- [EXERCISE]:
Output the entries below word for word, stopping once the line containing "Von nun an verbrachten" is done, and omit each picture.

** Opening LISTED RECORDS block **

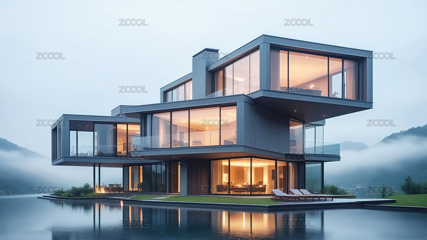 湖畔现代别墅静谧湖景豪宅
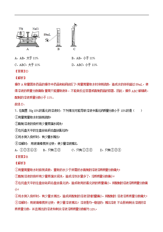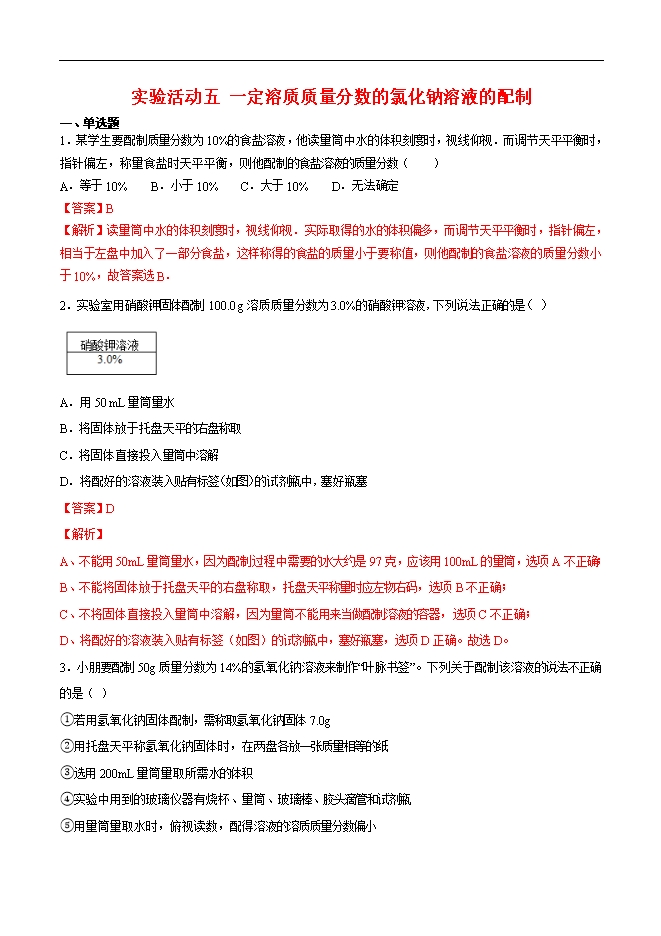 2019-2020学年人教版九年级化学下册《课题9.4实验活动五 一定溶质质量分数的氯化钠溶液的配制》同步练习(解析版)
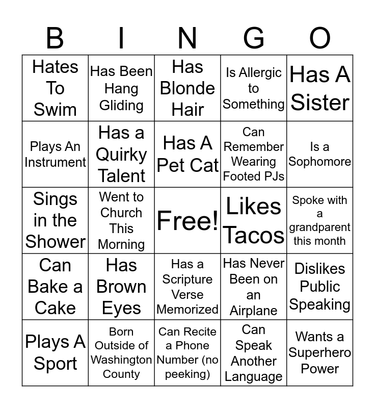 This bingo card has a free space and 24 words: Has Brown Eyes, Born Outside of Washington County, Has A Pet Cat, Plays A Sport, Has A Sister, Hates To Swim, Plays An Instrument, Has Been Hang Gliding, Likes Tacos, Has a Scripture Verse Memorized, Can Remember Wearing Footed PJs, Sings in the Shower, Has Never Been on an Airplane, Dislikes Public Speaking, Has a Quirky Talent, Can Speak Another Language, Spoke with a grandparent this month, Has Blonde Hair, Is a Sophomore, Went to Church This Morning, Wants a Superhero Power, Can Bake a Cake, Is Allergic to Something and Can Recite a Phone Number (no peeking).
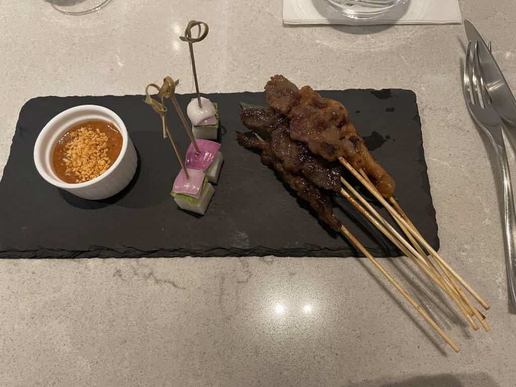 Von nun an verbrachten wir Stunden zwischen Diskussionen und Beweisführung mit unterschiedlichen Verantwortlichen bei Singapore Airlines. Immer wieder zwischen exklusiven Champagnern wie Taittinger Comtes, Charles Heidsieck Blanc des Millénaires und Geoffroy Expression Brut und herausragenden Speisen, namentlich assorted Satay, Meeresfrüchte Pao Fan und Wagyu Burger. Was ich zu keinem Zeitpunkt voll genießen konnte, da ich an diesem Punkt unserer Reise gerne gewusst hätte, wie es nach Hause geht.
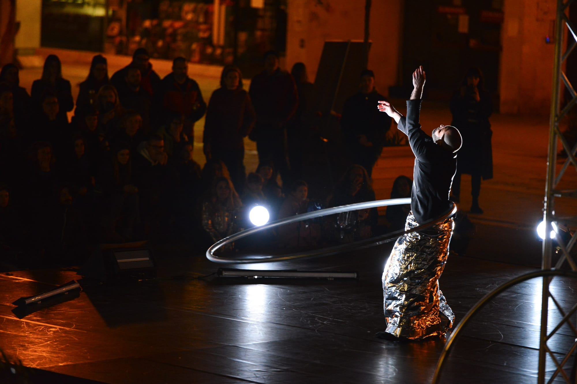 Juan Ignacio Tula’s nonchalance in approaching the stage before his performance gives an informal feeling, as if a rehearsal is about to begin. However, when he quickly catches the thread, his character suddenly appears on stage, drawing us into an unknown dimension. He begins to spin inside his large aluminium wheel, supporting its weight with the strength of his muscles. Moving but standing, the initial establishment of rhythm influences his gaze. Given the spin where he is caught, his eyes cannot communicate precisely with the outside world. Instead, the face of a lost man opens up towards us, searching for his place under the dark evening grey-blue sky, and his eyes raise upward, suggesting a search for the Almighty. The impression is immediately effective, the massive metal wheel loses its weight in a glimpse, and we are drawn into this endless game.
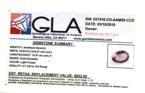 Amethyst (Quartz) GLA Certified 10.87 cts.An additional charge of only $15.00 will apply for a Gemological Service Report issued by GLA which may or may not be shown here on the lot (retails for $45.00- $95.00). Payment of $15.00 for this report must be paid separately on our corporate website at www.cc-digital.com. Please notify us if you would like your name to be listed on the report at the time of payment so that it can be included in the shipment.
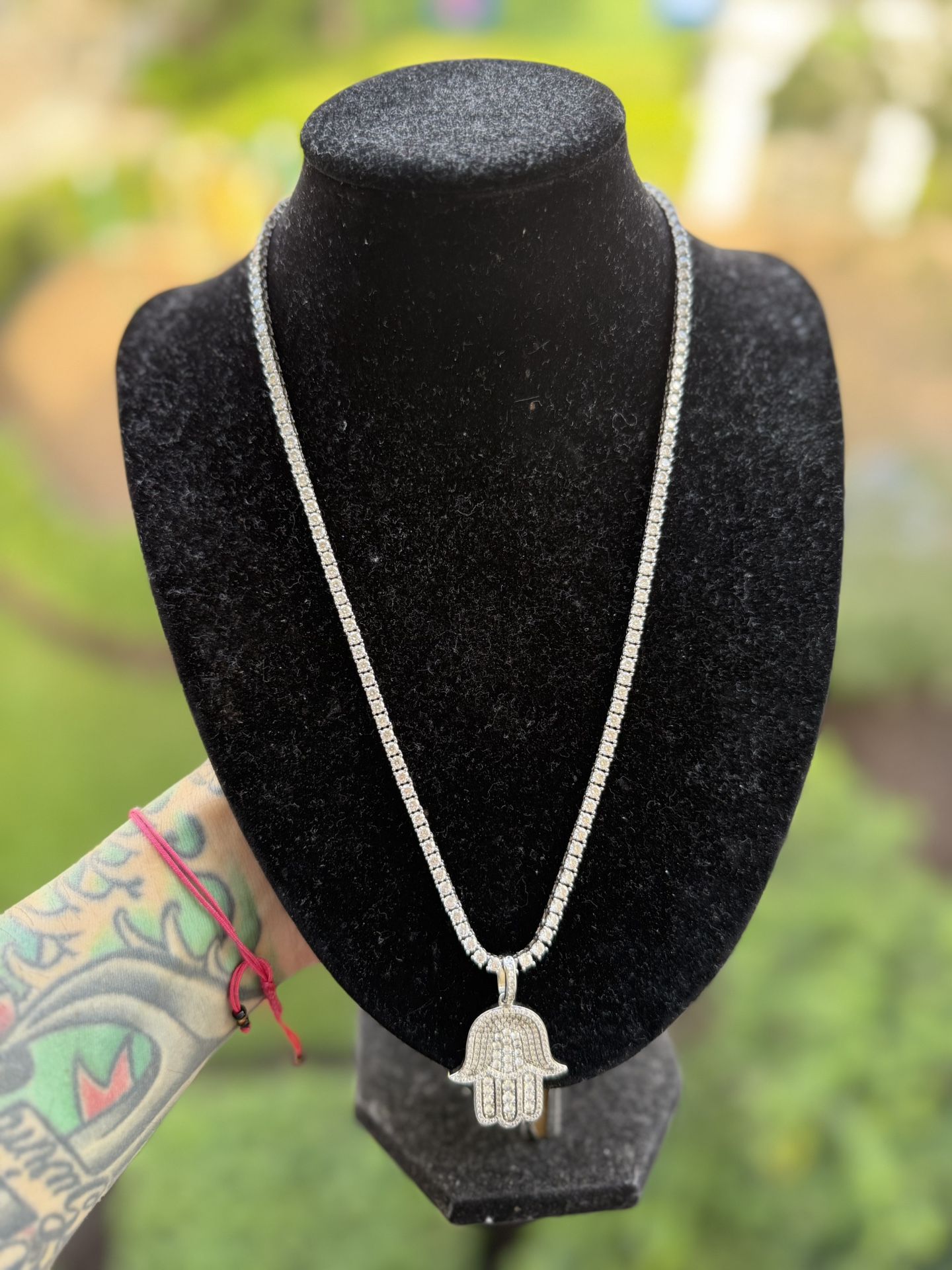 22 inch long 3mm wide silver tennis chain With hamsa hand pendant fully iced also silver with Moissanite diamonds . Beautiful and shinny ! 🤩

** Closing LISTED RECORDS block **

- [SOLUTION FOR THIS PROBLEM]:
 湖畔现代别墅静谧湖景豪宅
 2019-2020学年人教版九年级化学下册《课题9.4实验活动五 一定溶质质量分数的氯化钠溶液的配制》同步练习(解析版)
 This bingo card has a free space and 24 words: Has Brown Eyes, Born Outside of Washington County, Has A Pet Cat, Plays A Sport, Has A Sister, Hates To Swim, Plays An Instrument, Has Been Hang Gliding, Likes Tacos, Has a Scripture Verse Memorized, Can Remember Wearing Footed PJs, Sings in the Shower, Has Never Been on an Airplane, Dislikes Public Speaking, Has a Quirky Talent, Can Speak Another Language, Spoke with a grandparent this month, Has Blonde Hair, Is a Sophomore, Went to Church This Morning, Wants a Superhero Power, Can Bake a Cake, Is Allergic to Something and Can Recite a Phone Number (no peeking).
 Von nun an verbrachten wir Stunden zwischen Diskussionen und Beweisführung mit unterschiedlichen Verantwortlichen bei Singapore Airlines. Immer wieder zwischen exklusiven Champagnern wie Taittinger Comtes, Charles Heidsieck Blanc des Millénaires und Geoffroy Expression Brut und herausragenden Speisen, namentlich assorted Satay, Meeresfrüchte Pao Fan und Wagyu Burger. Was ich zu keinem Zeitpunkt voll genießen konnte, da ich an diesem Punkt unserer Reise gerne gewusst hätte, wie es nach Hause geht.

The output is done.